Resources for Understanding Psychometrics

I enjoy writing about psychometrics. I also enjoy people reading what I write. Unfortunately, I don’t think many people do, and a big reason is probably that few people actually understand psychometrics. To help with that, I’m sharing some resources that make the field more accessible.

The Personality Project has a surprisingly nice (and free) textbook which covers the basics.

Chapter 7 (“Reliability and Stability of Mental Measurements”) of Arthur Jensen’s Bias in Mental Testing also serves as a easy-to-understand introduction to classical test theory, along with showing how it is applied to real testing data.

Measurement invariance (often assessed via multi-group CFA) and differential item functioning (DIF, typically assessed at the item level in IRT or logistic frameworks) are important for comparing results across groups1. For measurement invariance, the most accessible explanation I’ve found is A casual but causal take on measurement invariance by The 100% CI. For differential item functioning, Meng Hu has a very comprehensive post explaining various approaches to detecting DIF.

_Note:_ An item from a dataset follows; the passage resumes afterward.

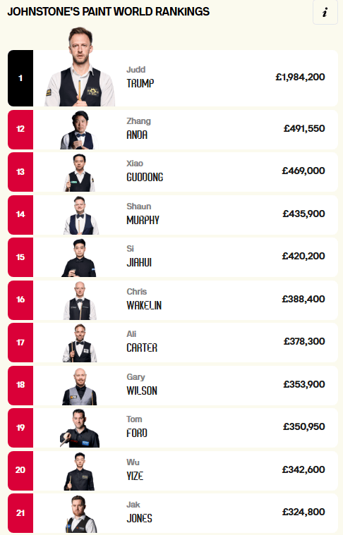 目前,共有5名中国选手跻身世界前16,创历史新高:丁俊晖(6)、赵心童(11)、张安达(12)、肖国栋(13)、斯佳辉(15)。
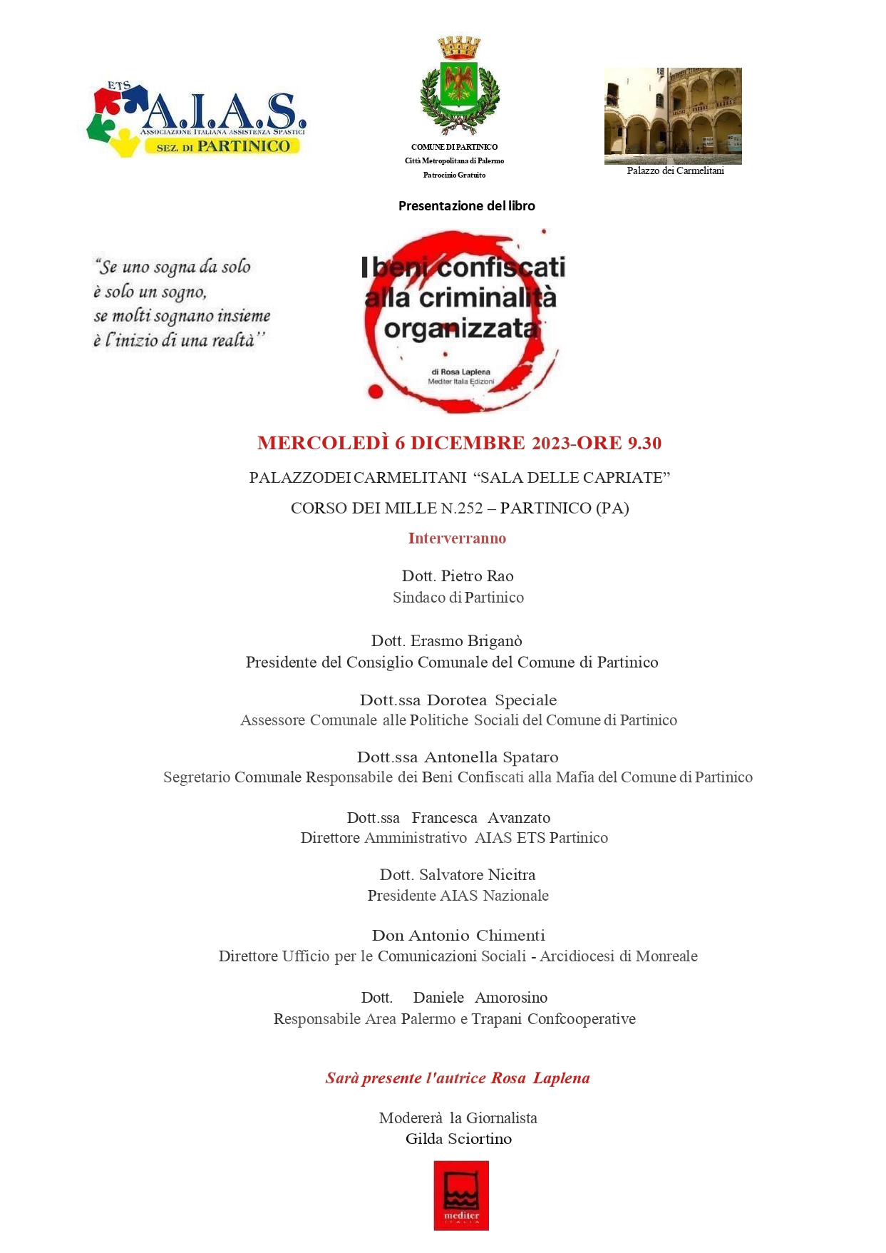 Ricco il parterre dei relatori: il sindaco di Partinico, Pietro Rao; il presidente del consiglio comunale di Partinico, Erasmo Briganò; l’assessore comunale alle Politiche Sociali, Dorotea Speciale; Antonella Spataro, segretario comunale responsabile dei Beni confiscati alla mafia; Salvatore Nicitra, presidente AIAS Nazionale; Francesca Avanzato, direttore amministrativo AIAS ETS Partinico; Don Antonio Chimenti, direttore dell’ufficio per le Comunicazioni Sociali – Arcidiocesi di Monreale; Daniele Amorosino, responsabile Area Palermo e Trapani Confcooperative.

Emil Kierkegaard has created a number of useful visualizations illustrating concepts such as range restriction, ceiling and floor effects, regression to the mean, discretization, and other statistical artifacts.

  1. The concept of comparing results across groups is very broad. It includes the obvious cases, such as comparing extroversion across countries (where the groups might be Americans and Germans). But it also includes questions like whether pre-treatment and post-treatment scores on a depression questionnaire are comparable (the ‘groups’ being the pre-treatment and post-treatment measurements, even if they come from the same individuals), or whether the population has become more intelligent over time (the groups being, for example, Americans in 1970 versus Americans in 2020).